CRM活用で大切なのは「売る」より「気づく」こと
購入履歴を活用する本質は、追加販売の最大化ではありません。
顧客が次に困りそうなこと、必要になりそうなものに対して、店舗側が先回りして気づくことです。
- 豆がそろそろなくなりそう
- フィルターを買い忘れそう
- ドリッパーを買ったが使い方に迷っている
- ギフトを選ぶ時期が近づいている
こうしたタイミングで適切に声をかけられると、顧客にとっては「便利で親切な提案」になります。売り込みではなく、コーヒー体験を支えるサポートとして受け取られることが、長期的な関係構築につながります。

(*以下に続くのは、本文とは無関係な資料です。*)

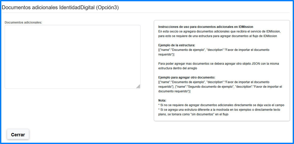 El servicio de IdentidadDigital (Opción3) permite agregar documetos adicionales, estos documentos se pueden configurar dentro del modal "Documentos Adicionales".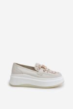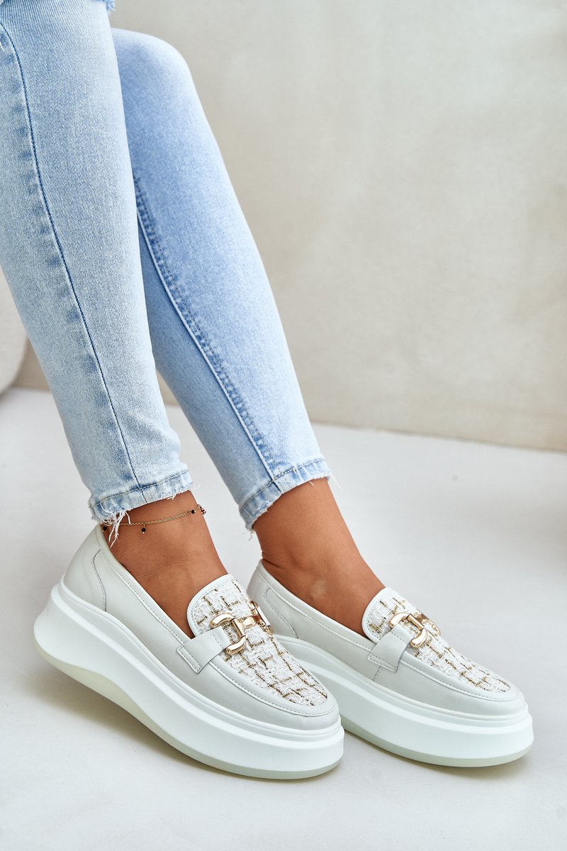 Elegantiškos moteriškos mokasinės pagamintos iš natūralios odos – puikus pasirinkimas moterims, vertinančioms klasikinį stilių su moderniu akcentu. Pastatytos ant platformos. Priekyje, ant batviršio, yra auksinė detalė, suteikianti joms išskirtinumo. Apvalūs priekiai. Idealiai tinka tiek kasdienėms, tiek formalesnėms progoms. Rinkdamiesi dydį, prašome vadovautis dydžių lentele.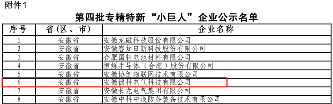 近日,經(jīng)國家工業(yè)和信息化部的審核批準,安徽省經(jīng)濟和信息化廳發(fā)布《關于安徽省第四批專精特新“小巨人”企業(yè)名單的公示》,安徽德科電氣科技有限公司榮膺入選,榮獲國家級專精特新“小巨人”稱號。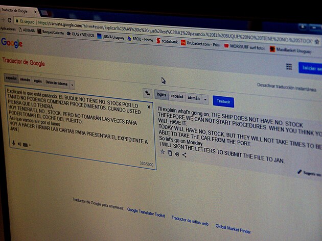 Vojta mi ukáže na mapě, kde sídlí a já běžím k němu do kanceláře. Trochu si pobloudím a vzbudím celkem dost pozornosti u kolem j(e)doucích, včetně jednoho prodavače pečiva, který mi nabízí jídlo zdarma. Dobíhám ke kanclu a tam zrada. Eduardo je zrovna v přístavu a jeho kolega mluví jen šanělsky. Prosím o papír a tužku, že Edovi necham vzkaz, ale nakonec vymyslíme dobrý způsob komunikace – přes google translator.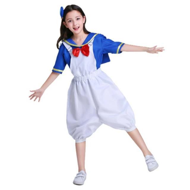 アニメ風のコスチューム、ダックを原型にした海軍スタイルのセーラー学生コスチュームです!服は見た目もデザインもとてもキュートで、黄色い靴下はアヒルの前足のようで、この服を着るとまるでドナルドダックに変身したようです!(黄色い靴下は付属無し、別売り)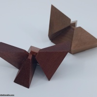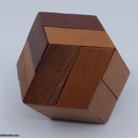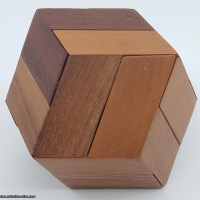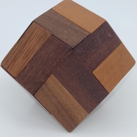 This is a six piece garnet made from contrasting fancy woods. I have been unable to locate a makers mark but the puzzles works brilliantly with deep trapezoidal pieces (see the third picture!) It was kept with the other Coffin puzzles so may be one of Stewarts, it is consistent with his work.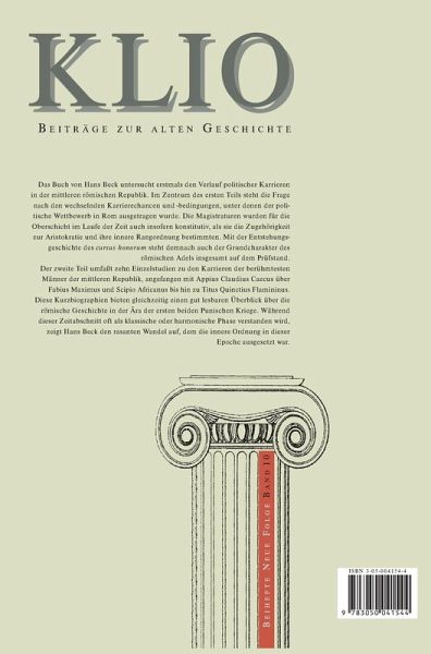 Das Wichtigste im Leben eines römischen Aristokraten war seine Karriere. Im Konkurrenzkampf um Ansehen, Ehre und Ruhm konnte in der römischen Republik nur bestehen, wer von jungen Jahren an eine erfolgreiche politische Laufbahn einschlug, und das heißt: wer sich erfolgreich um die öffentlichen Ämter bewarb. In der mittleren Republik gab es jedoch keine systematische Rangordnung dieser Ämter in Form eines cursus honorum - eine Vereinheitlichung wurde erst mit der lex Villia annalis des Jahres 180 v. Chr. angestrebt. Das Buch von Hans Beck untersucht erstmals den Verlauf politischer Karrieren in Rom vor dieser Regelung.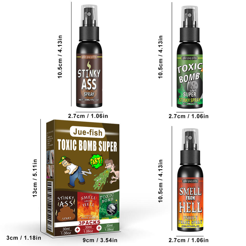 Jue-Fish Juguete para toda la persona Parodia Stinky Fart Spray con caca Hell Bomb Olor Fiesta Novedades Entretenimiento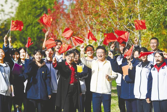 9月26日,华中师大一附中博乐分校内,援疆教师王琴、陈建树母子与学生举旗同庆。近年来,湖北援疆全力助推高质量教育体系建设,华中师大一附中博乐分校、黄冈中学五师分校高考成绩斐然。湖北100多所名校与博州学校结对,让“读书找湖北老师”家喻户晓。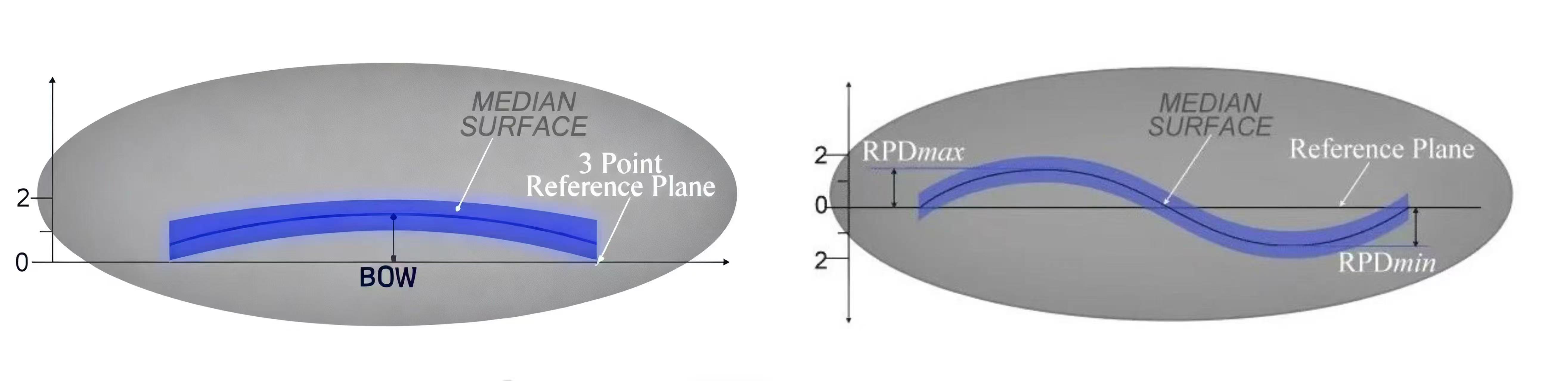 Ang tagapagpahiwatig ng bow ay nakatuon sa vertical offset ng lugar ng Wafer Center, na sumasalamin lamang sa lokal na estado ng baluktot. Ito ay angkop para sa pagsusuri ng mga senaryo na sensitibo sa lokal na flatness. Ang tagapagpahiwatig ng warp ay kapaki -pakinabang para sa pagtatasa ng pangkalahatang flatness at pagbaluktot dahil isinasaalang -alang nito ang paglihis ng buong ibabaw ng wafer at nagbibigay ng impormasyon sa pangkalahatang flatness para sa buong wafer.
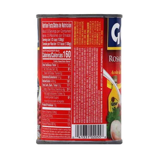 Pink Beans, Water, Green Bell Pepper, Tomato Paste, Salt, Monosodium Glutamate, Soybean Oil, Dehydrated Onion, Granulated Garlic, Natural & Artificial Ham Type Flavor (maltodextrin, Salt, Palm Oil, Yeast Extract, Molasses, Silicon Dioxide, Garlic Powder, Onion Powder, Medium Chain Triglycerides, Sunflower Oil, Natural & Artificial Flavors, Natural Smoke Flavor And Citric Acid), Culantro, Hydrolyzed Corn Protein, Olive Oil, Onion Powder, Ground Oregano, Disodium Edta Added To Promote Color Retention, Caramel Color, Natural Hickory Smoke Flavor (maltodextrin, Natural Hickory Smoke Flavor, Silicon Dioxide As Anticaking Agent) And Annatto.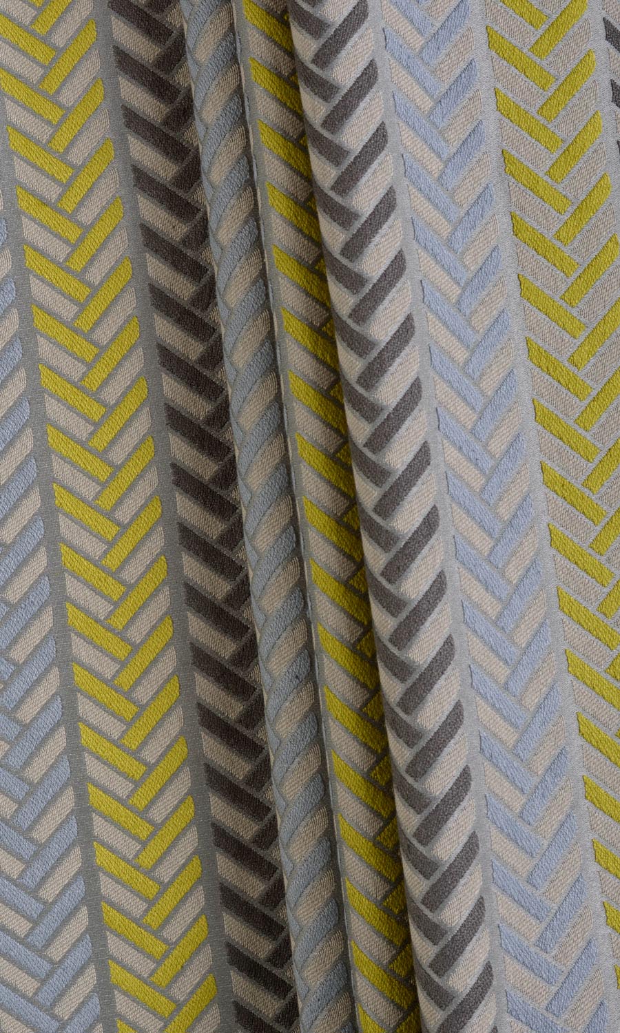 Sakin celebrates symmetry and harmony with its cool color palette and horizontal herringbone design. Its grey base is patterned with columns of herringbone zigzags in yellow, steel blue and charcoal grey. This simple yet stunning fabric can visually elongate your windows. We recommend it for draperies or roman blinds for a clutter-free space.

コーヒーショップの強みは、顧客の好みや生活に合わせた提案ができることです。CRMは、その接客力を店頭だけでなく、ECやLINE、メールにも広げるための設計です。
まとめ|購入履歴は「次の接客」を作るための資産
顧客の購入履歴を活用することで、次に提案すべき器具や消耗品は自然に見えてきます。
- 豆を買い続けている人には、自宅で再現しやすい器具を
- ドリッパーを買った人には、対応フィルターとレシピを
- フィルターを買い続けている人には、豆との補充セットや定期便を
- ギフトを買った人には、次の贈り物シーズンに合わせたセットを
難しく考える必要はありません。「誰が、いつ、何を買ったか」を整理し、次に必要になりそうな商品を考えるところから始めれば十分です。
購入履歴を活かせるようになると、コーヒーショップは「来店時に豆を売る店」から「自宅でも店の味を続けられるように支える店」へと変わっていきます。
次にやるべき行動は、まず自店の顧客を上記5分類で整理してみることです。どの分類が最も多く、どの提案が手薄になっているかが見えてくるだけで、優先度が明確になります。